Thursday, March 03, 2022



Thoughts on a riot

Like a lot of Aotearoa, I spent today watching the police's efforts to clear the anti-vaxx / pro-Nazi occupation from Parliament and surrounding streets. Initially, it was mostly pushing and shoving, with some fire extinguishers and pepper-spray when things got heated. But after police began to take back Parliament grounds, it rapidly devolved into a full-on riot, with occupiers setting fires and throwing metal poles and cobblestones at police. They burned the Parliamentary playground, and tried to burn down the Old Government Building, the largest wooden building in the southern hemisphere. At one stage, they (again) tried to use a car as a weapon, reversing rapidly into a police line. I am amazed that no-one was killed.

It was probably always going to end this way. This occupation was violent from the start, with nooses, death threats, and execution lists from day one, and (fortunately muppetlike) attempt to storm Parliament in the first few days.

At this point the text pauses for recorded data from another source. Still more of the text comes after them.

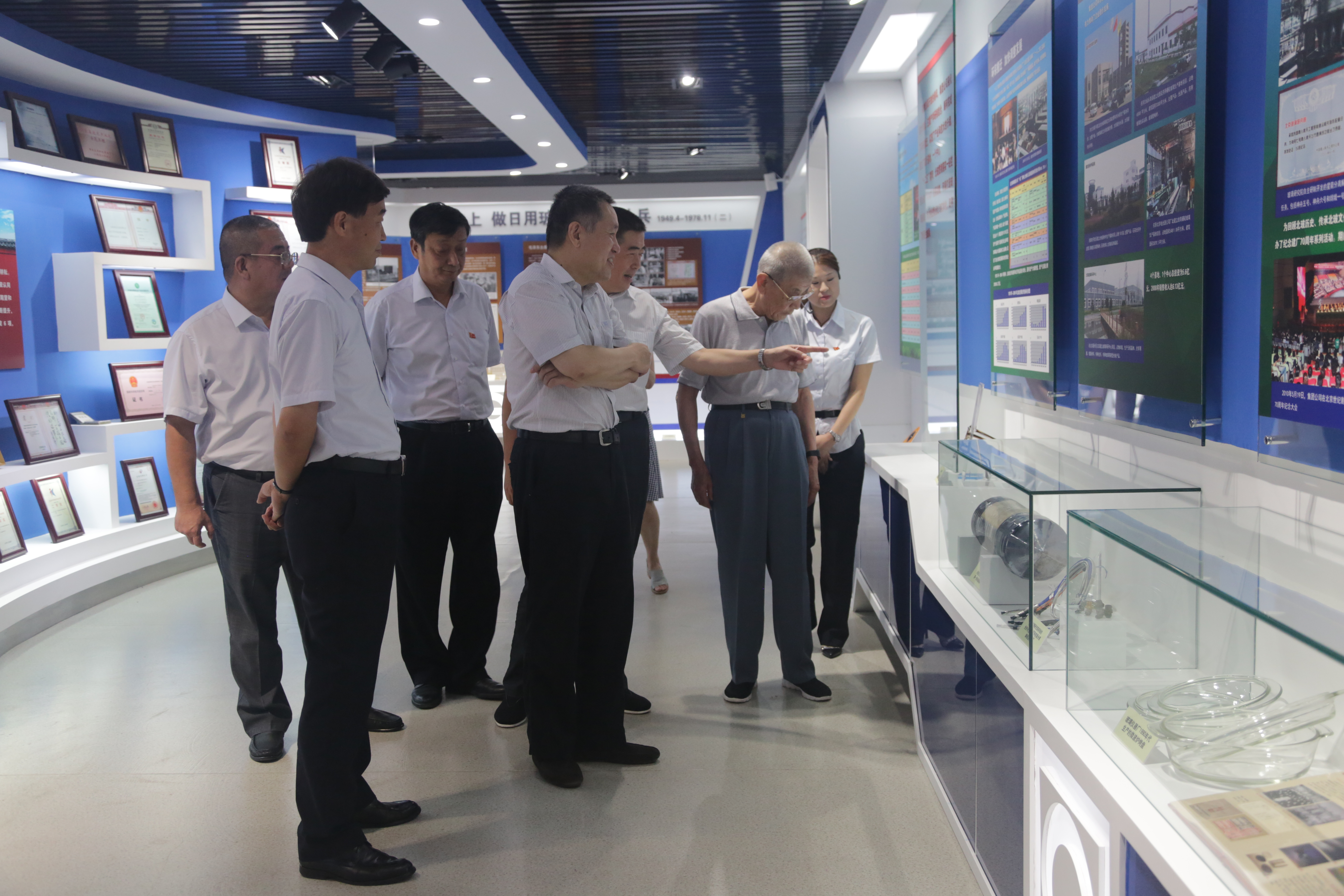 8月4日,國家工商總局局長、集團公司老領導張茅,一輕控股公司黨委書記、董事長蘇志民在集團公司老領導李自新和集團公司領導周法田、劉祥、張希雨的陪同下參觀了北玻展室。
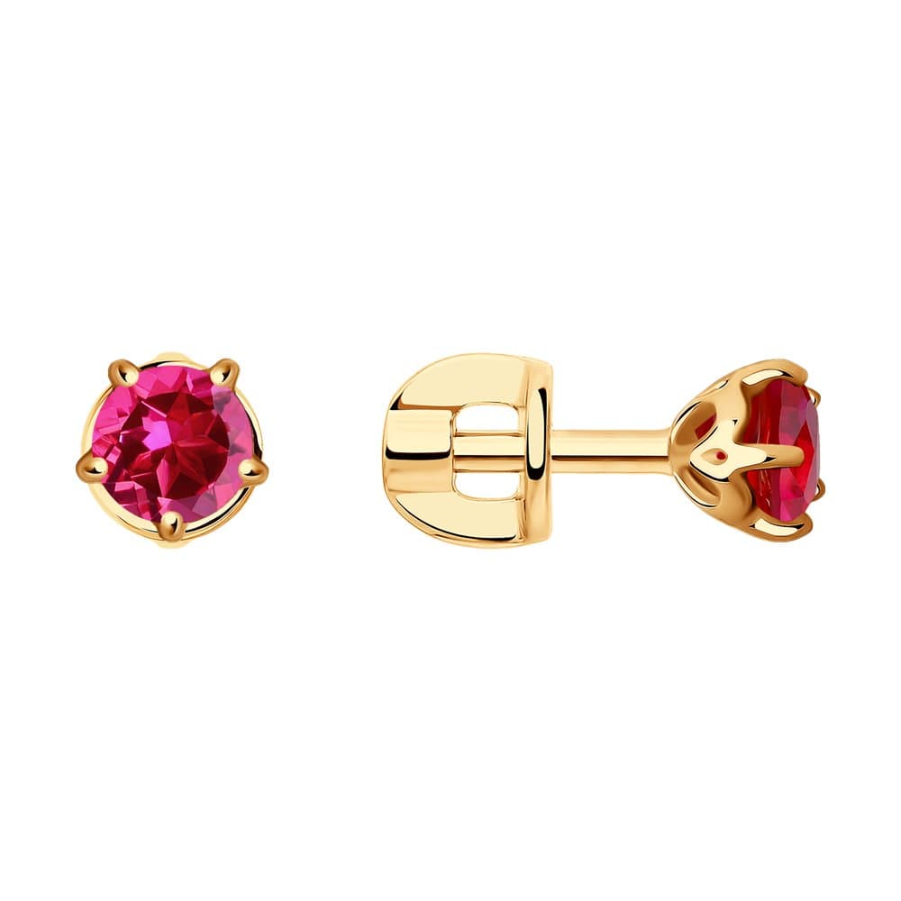 Золотые серьги пусеты-гвоздики с рубиновым корундом SOKOLOV 725454
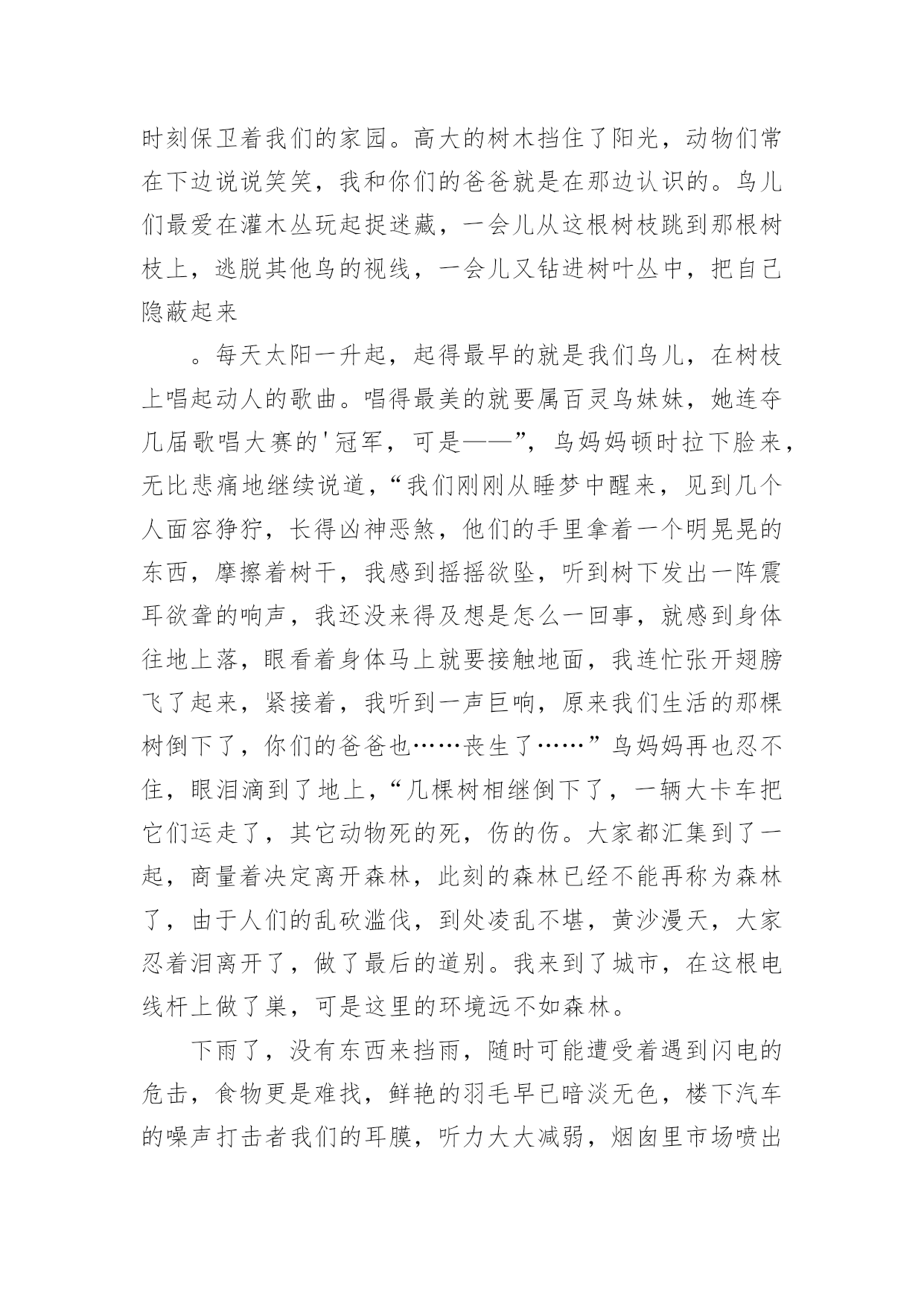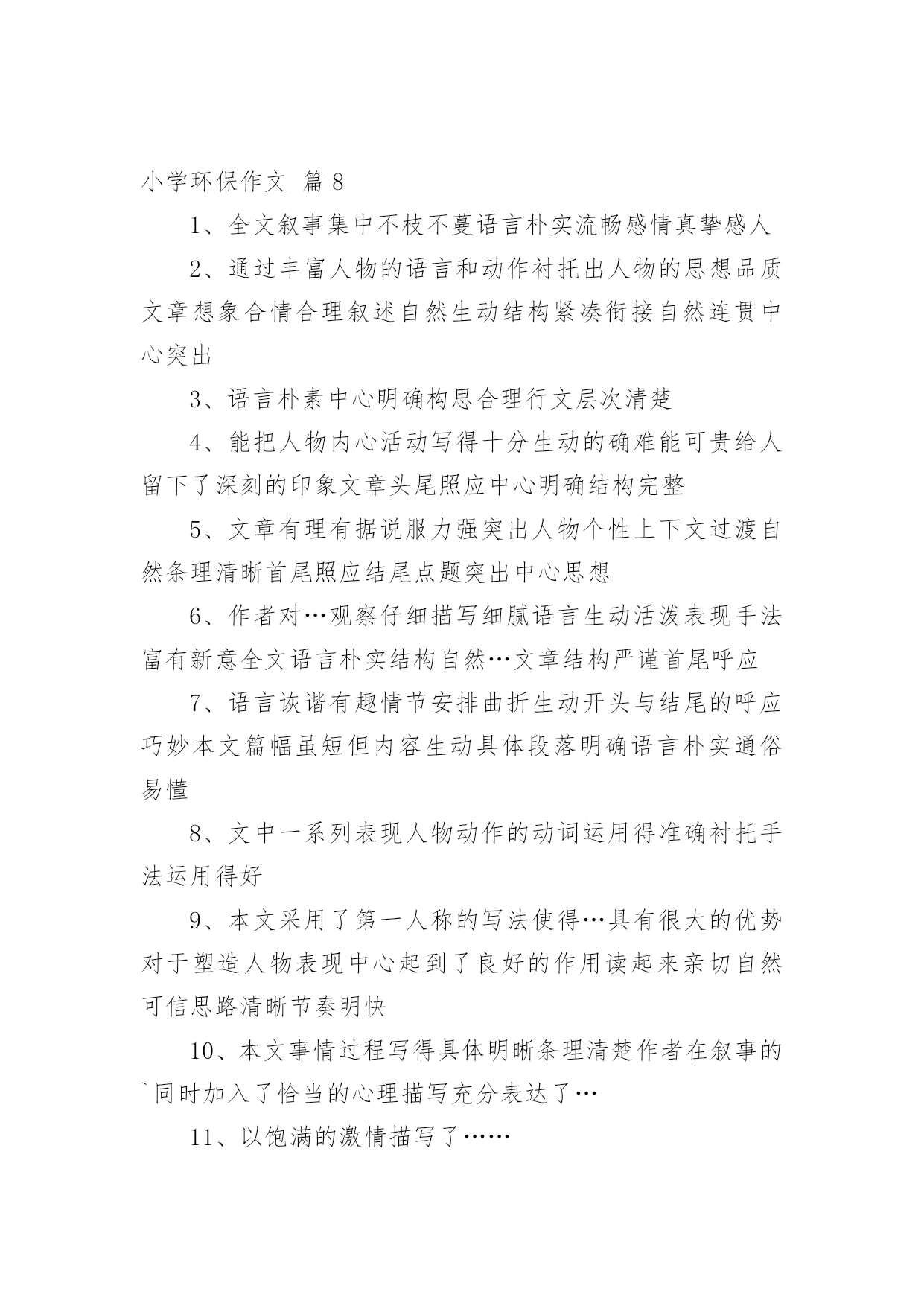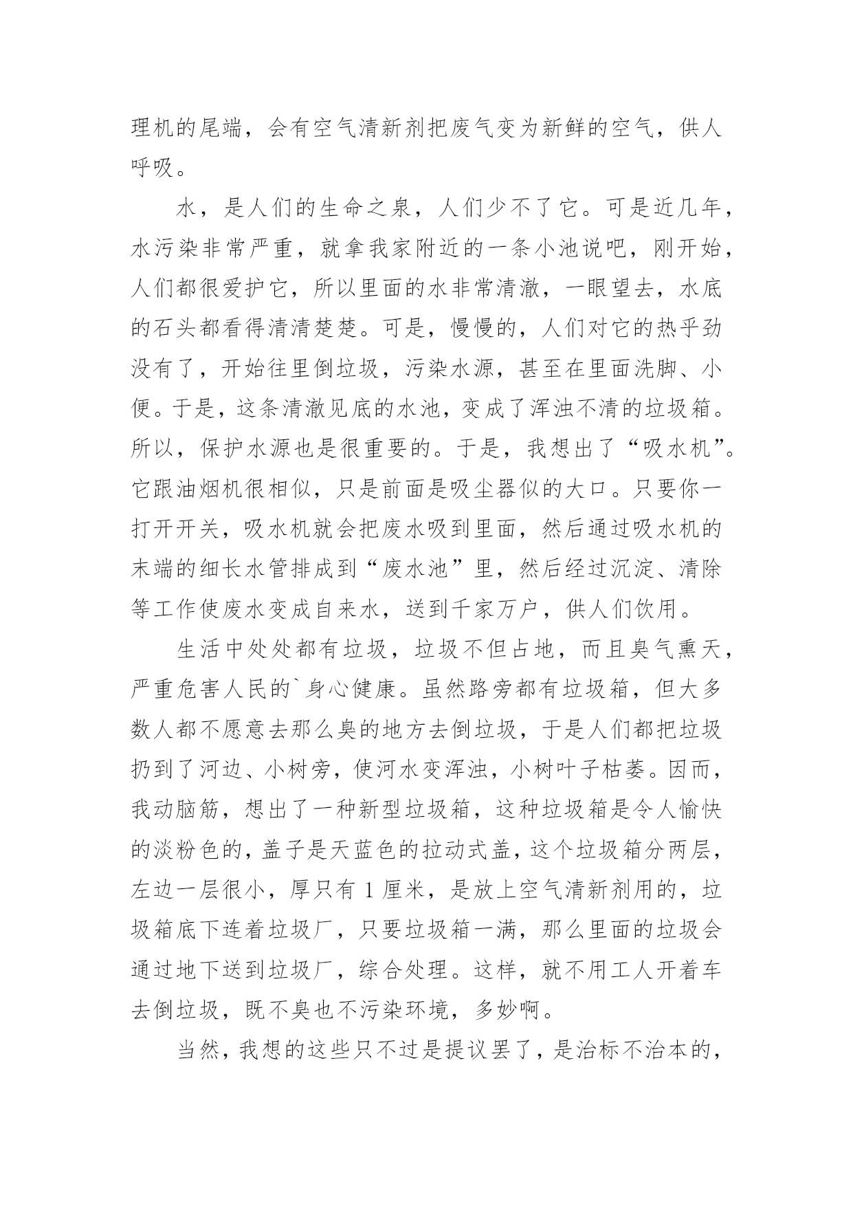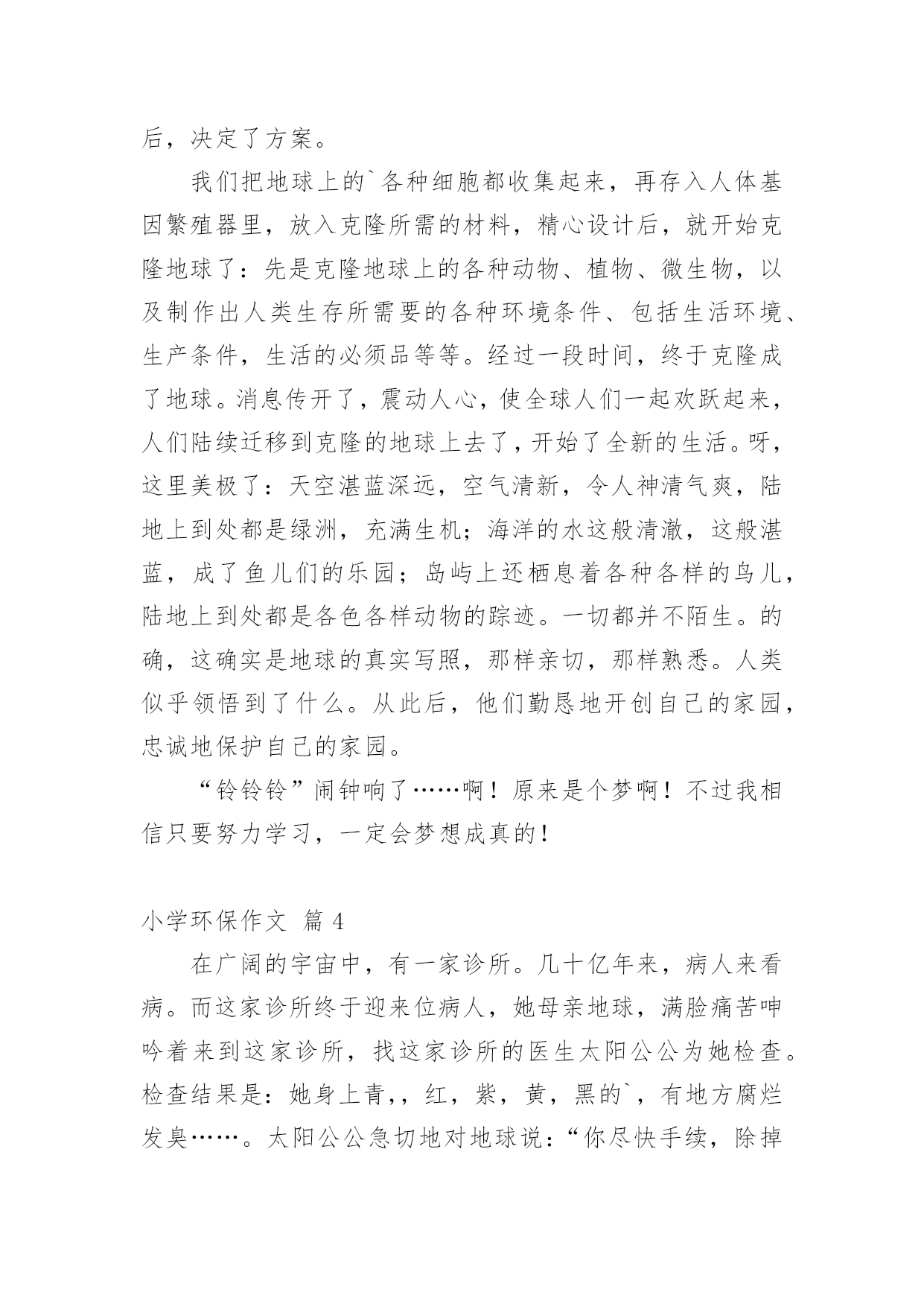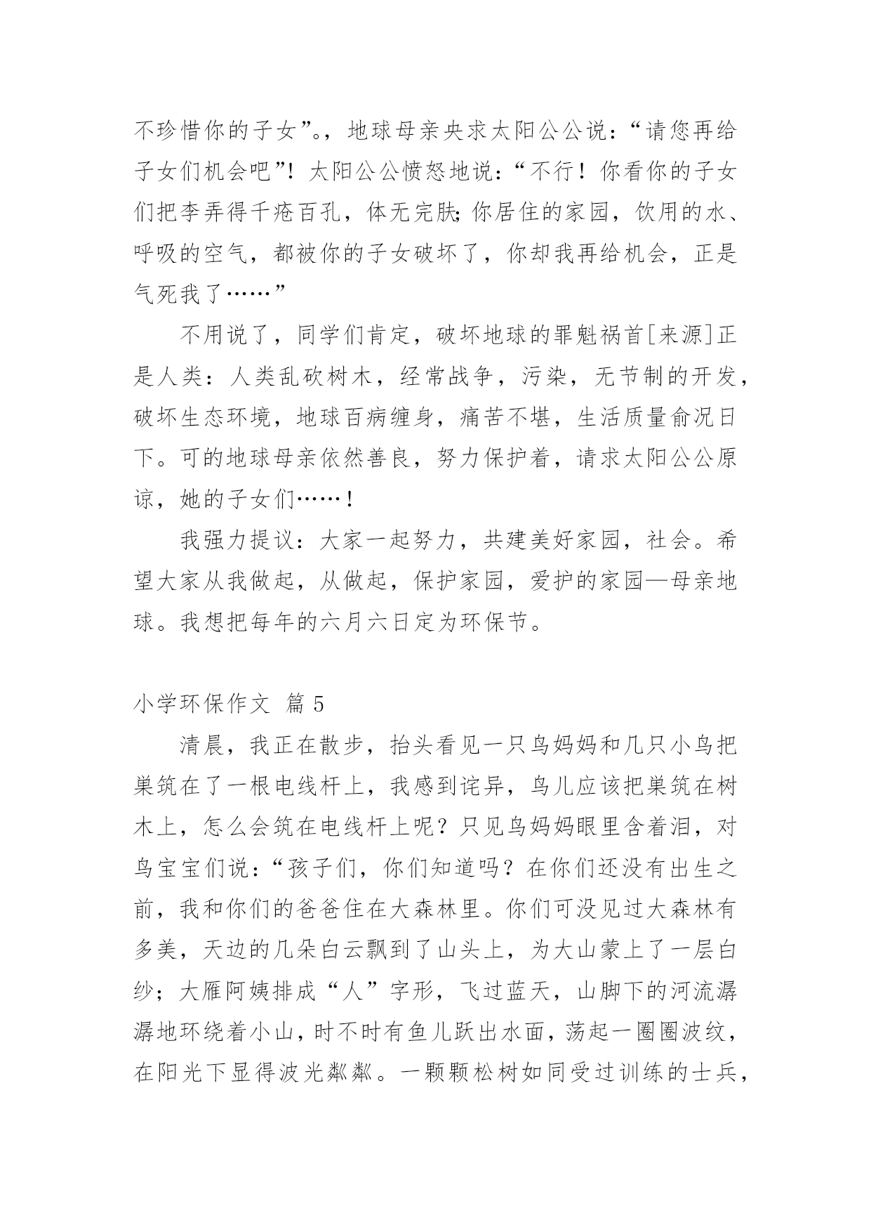 小学环保作文[集合]小学环保作文8篇在平时的学习、工作或生活中,大家都写过作文吧,借助作文可以提高我们的语言组织能力。你知道作文怎样才能写的好吗?下面是小编帮大家整理的小学环保作文9篇,仅供参考,希望能够帮助到大家。小学环保作文篇1人们越来越不重视保护环境,随地扔垃圾、浪费水、随便砍伐树木,在人们的眼里已经是很平常的事,每天不知有多少绿洲变成了沙漠。难道人们的眼里就只有钱、钱、钱吗?我虽是个小学生,但是也懂得保护环境,人人有责。面对这些破坏环境的人,我感到非常痛恨。之后,我查阅了很多关于保护环境的资料,冥思苦想,终于想出了几个保护环境的方法。大家都知道,空气污染是保护环境的大敌。废气中的二氧化硫等有毒物体能够使树木、农作物的叶变黄、枯萎、脱落。二氧化硫与云中的雨滴结合,形成酸雨降落,会使大片的森林、农作物死亡。可见,空气污染是一大要害。于是,我利用吸尘器的原理,想出了“废气处理机”。废气处理机外形跟吸尘器差不多,只不过比吸尘器大好多,而且不用插电,只要放上几节电池就行了。这种废气处理机一打开开关,强大的风力就会把工厂等排出来的废气吸进去,到了废气处理机的尾端,会有空气清新剂把废气变为新鲜的空气,供人呼吸。水,是人们的生命之泉,人们少不了它。可是近几年,水污染非常严重,就拿我家附近的一条小池说吧,刚开始,人们都很爱护它,所以里面的水非常清澈,一眼望去,水底的石头都看得清清楚楚。可是,慢慢的,人们对它的热乎劲没有了,开始往里倒垃圾,污染水源,甚至在里面洗脚、小便。于是,这条清澈见底的水池,变成了浑浊不清的垃圾箱。所以,保护水源也是很重要的。于是,我想出了“吸水机”。它跟油烟机很相似,只是前面是吸尘器似的大口。只要你一打开开关,吸水机就会把废水吸到里面,然后通过吸水机的末端的细长水管排成到“废水池”里,然后经过沉淀、清除等工作使废水变成自来水,送到千家万户,供人们饮用。生活中处处都有垃圾,垃圾不但占地,而且臭气熏天,严重危害人民的`身心健康。虽然路旁都有垃圾箱,但大多数人都不愿意去那么臭的地方去倒垃圾,于是人们都把垃圾扔到了河边、小树旁,使河水变浑浊,小树叶子枯萎。因而,我动脑筋,想出了一种新型垃圾箱,这种垃圾箱是令人愉快的淡粉色的,盖子是天蓝色的拉动式盖,这个垃圾箱分两层,左边一层很小,厚只有1厘米,是放上空气清新剂用的,垃圾箱底下连着垃圾厂,只要垃圾箱一满,那么里面的垃圾会通过地下送到垃圾厂,综合处理。这样,就不用工人开着车去倒垃圾,既不臭也不污染环境,多妙啊。当然,我想的这些只不过是提议罢了,是治标不治本的,主要还是大家都要有保护环境意识,注意生态环境,才能够使祖国真正变得美丽而富饶起来。所以我们要从小养成保护环境的好习惯,让我们携起手来,共同保护我们的唯一的家园吧!小学环保作文篇2节约是每个人想做到的,但是,又有一小部分的人做不到,也有一小部分人,能做到,但是,偶尔做不到。节约这个词经常听老师和父母说起,节约用水,节约用纸....现在是冬天,我们洗澡洗脸时都要用热水,打开热水他不会马上来热水,前面是冷水,要是我们把冷水浪费掉了,就等于我们把钱浪费掉了,要是我们把前面的冷水装起来,就可以拿来拖地板、浇花、冲厕所,这样既不浪费钱又环保。我们平时出门在外,应该少坐出租车,少开私家车,应该多骑自行车、多坐公交车、地铁,现在坐地铁又快捷、又安全,骑自行车不开私家车既可以锻炼身体、又可以减少汽车尾气对空气的污染,所以我们要绿色出行,既可以节约金钱又可以低碳环保。我们去爬山或去公园时,可以自己带一壶水,这样就不用又累、又渴的爬上山顶买水喝,就不需要花高的价钱买景点的饮料,这样既省钱又实惠,且不会让饮料的`瓶子产生更多的垃圾。平时跟妈妈去商场买东西,我们都随身携带着购物袋,这样就可以不买超市里的塑料袋,这样既省钱又环保。节约与环保是为了让生活更美好,为了让空气更清新,为了让大地更绿,所以,小朋友以后要记得要绿色出行、绿色环保哦!小学环保作文篇3地球上人口迅猛增长,人们滥用化学物品,随意浪费自然资源,毫无节制地毁坏生态环境。n年后,地球的生态环境已变得一发不可收拾,地球面目全非。如果再不及时采取措施,人类就会面临着灭亡的危险,到时候恐怕就来不及了。n年后,我成了一位鼎鼎有名的科学家。此时我正匆匆茫茫地赶去星际学院商议星球大事。我坐上时空穿梭仪,一眨眼来到了星际学院。这里来了许多科学家,他们来自银河上的“五湖四海”,都是星际上家喻户晓的著名人士,此时大家正在激烈地探讨着。一位来自s星球的科学家说:“不如从别的星球找些能源来吧!”刚说完,就有人提出:“去哪找?地球所需要的能源很多,一时间上哪找那么多能源去?”又有人说:“不如移居到其他星球去!”马上就有人反驳到:“附近能移居星球的都已被移居了;其余的距离太远,时间有限,时间恐怕不太现实。”突然

As it embedded itself, it harassed and intimidated locals, while relying on the persistent threats of violence to discourage police action. And when the police finally did take action to stop it from taking over the streets and making them unsafe for local residents, the occupiers escalated their violence, throwing shit and acid and driving cars at police lines. This was just more of the same.

In the aftermath, I'm concerned about what this will mean for the right to protest, and particularly the right to protest at Parliament, where the government has to see you. Speaker of the House Trevor Mallard is already talking about turning it into a walled fortress, allowing the government to lock the gate whenever it doesn't want to hear from the peasants, and in the wake of this shitshow - which was nothing like any protest I have ever seen before in Wellington - he might be allowed to. A better idea would be to focus on the actual problem, and block cars, not people, either temporarily when required, or by pedestrianising the entire government precinct. Parliament's grounds are the People's Lawn, a taonga, and Mallard needs to guard them on our behalf, not try and lock them away from us.

I'm also concerned about what it means for police use of force. Generally, this was very restrained (which is good), but the final stages saw the police using rubber bullets on the streets against stone-throwing rioters. Which is not something I recall happening before in Aotearoa, and seems to be a significant escalation. It may have been a justified and proportionate use of force - cobblestones can cause serious injury, or even kill - but no-one should be comfortable with it, and we should all be deeply concerned that the police will start taking such weapons to protests in future, rather than keeping them in reserve for extreme situations (its bad enough that they're allowed to take tasers, which should never be required at any normal protest in Aotearoa).

Finally, I hope the "celebrities", media figures, and politicians who enabled and excused this shitshow are taking a good, hard look at themselves at the moment. Today's events may not have been what people like David Seymour or rich white boat dude intended, but its how it ended up, and the public are fully entitled to judge them for their role in it, both politically and socially. If you were a friend to the occupiers, you should expect to have no friends now, because that stench sticks. And if they don't like that, well, maybe they should have shown a bit more care in their choice of friends.